Speaking of those, those are kind of stupid. I get why they might be helpful for some since Korean is a more "syllabic" language that can have many similar-sounding words, ones which are often short. But can we not trust the learner to learn the sound system properly, even if they're not experienced in language learning? They don't have to systematically learn it and go through a grammar with IPA, but they can remember the sound if they hear it enough, and repeat it aloud especially. I know I do. Yes, "eel" sounds like one of the Korean words for the number one. But you'll probably remember the association before the word, right? I don't know. This is coming from someone who never used such a technique to remember most words in her first L2, though you might take that with two pinches of salt since that language has many cognates with English and the learner herself dislikes the method out of wanting to prove her brain is better. Though does using one technique over the other make you better? Ah, that probably invalidates this review.
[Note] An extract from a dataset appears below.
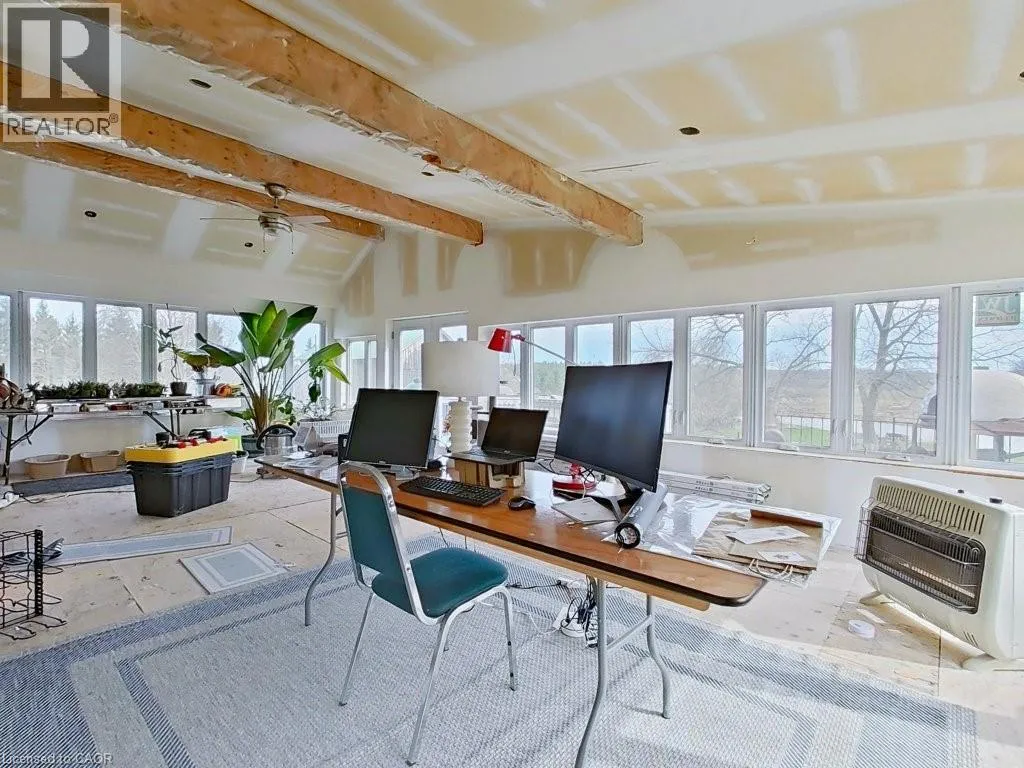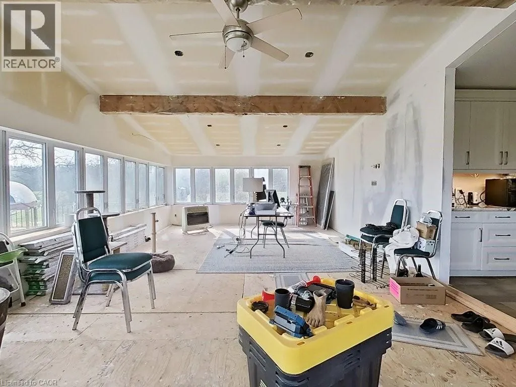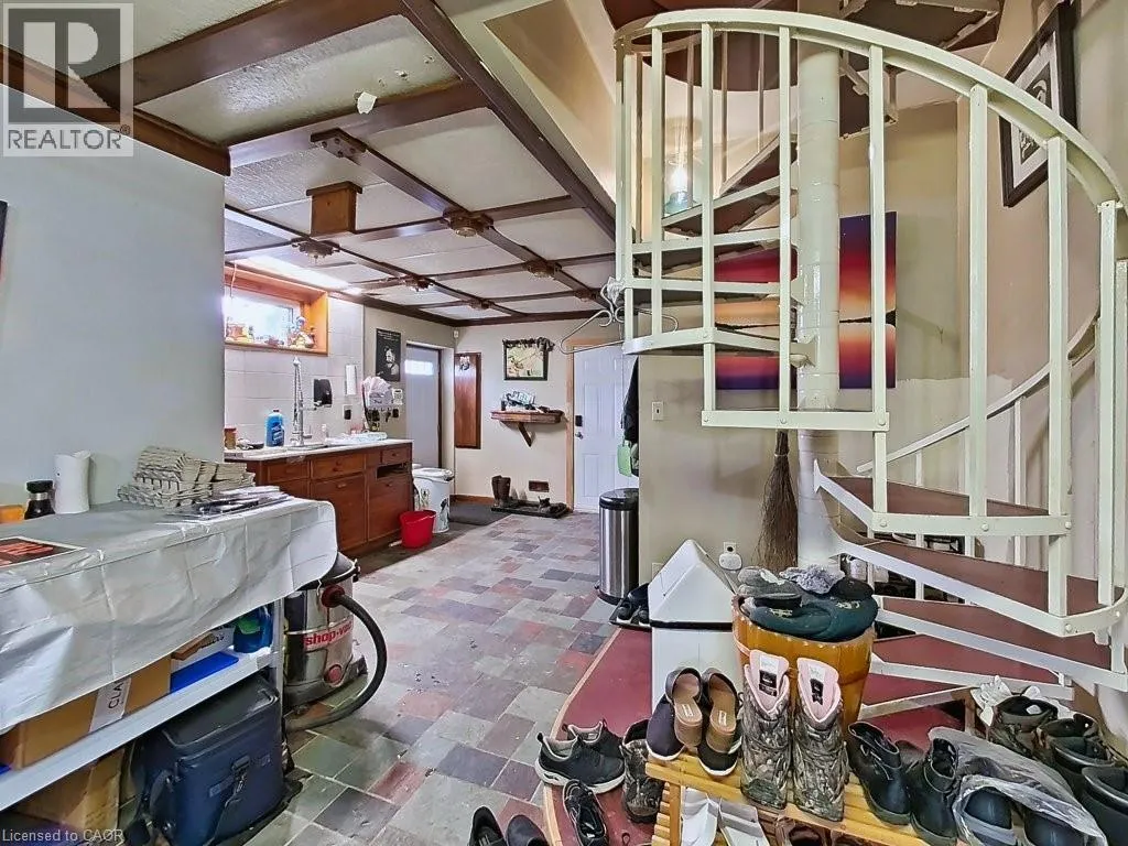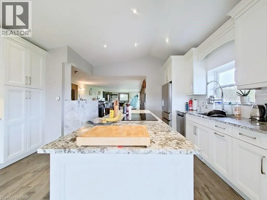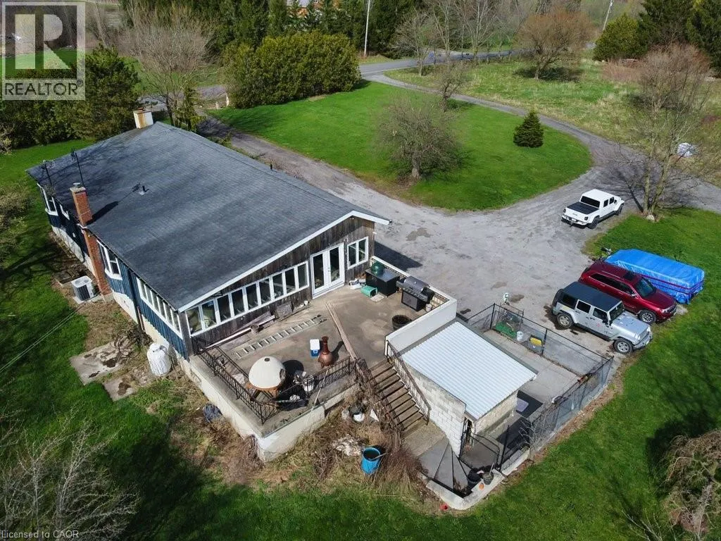 Over 23 Acres of private country living, yet only minutes to all amenities and the QEW. Picturesque property with rolling fields, tree lines and pond. Suitable for many agricultural uses. Older 2 storey board and batten barn with hand-hewn beams in need of some TLC for those wedding venues. Circular drive with a solid open concept bungalow built in the 60âs. Attached double car garage addition with full walkout basement, rec room, 2pc bath, wine cellar, mudroom with sink and counter. Two bedrooms on the main floor, the master with 4pc ensuite privileges. Open concept living and dining area with maple hardwood flooring, Freshly renovated kitchen with granite counters and island, built ins, vaulted ceiling with pot lights, open to a massive family room, bright windows throughout, patio doors to a private backyard patio overlooking your pond and property. This one of a kind property could be an unbelievable homestead with some imagination and TLC. (id:27476)

I didn't study about 7 of 12 of what can be considered modules. I passed all the final tests by looking up vocabulary as needed, since my knowledge from other resources covered what was on the four tests.

The first module covers conjugating in the present the formal form (-습니다) and what they call the "social" form (casual polite [-요]). I'd say it teaches about 150 vocabulary words, maybe 175 - that's an estimate since I didn't study vocabulary after the first two modules. Among the things they go through are irregular verbs, how to count, and before that they challenge you to learn Hangul in 90 minutes (something which you can do without signing up, since they offer the handout in a pdf through email. Or you could just watch one of the million videos on this topic on YouTube, or any other place really). Lots of 90s here, you'll see.

My impression is that this is intended for k-pop and k-drama fans who only know how to say '오빠' and just want to write basic sentences in tweets to their idols. Or it's meant for business people or others living in Korea who don't really want to learn the language, think it's difficult, and need something excessively "fun" and "accessible" to make them want to communicate outside their English bubble.

Was that harsh? Maybe. Have you used 90 Day Korean? What did you think of it? You probably liked it more than me, judging by all the positive reviews I see on the Internet.

Coming out of this experience, I can say I like searching for ways to learn by myself and figuring out the puzzle even if it fries my brain, as opposed to being told I can have a three-minute conversation in Korean when all I'm learning is how to politely command someone to do something, say my name and occupation, and where I'm from. I want the meat. I want to discuss politics. Give me that ammunition, and I'll be happy.

I might continue on to the second level to see what I learn, or I might try to get my money back, since it was quite a sum. But I must say there is a dearth of semi-guided online courses like this for this language.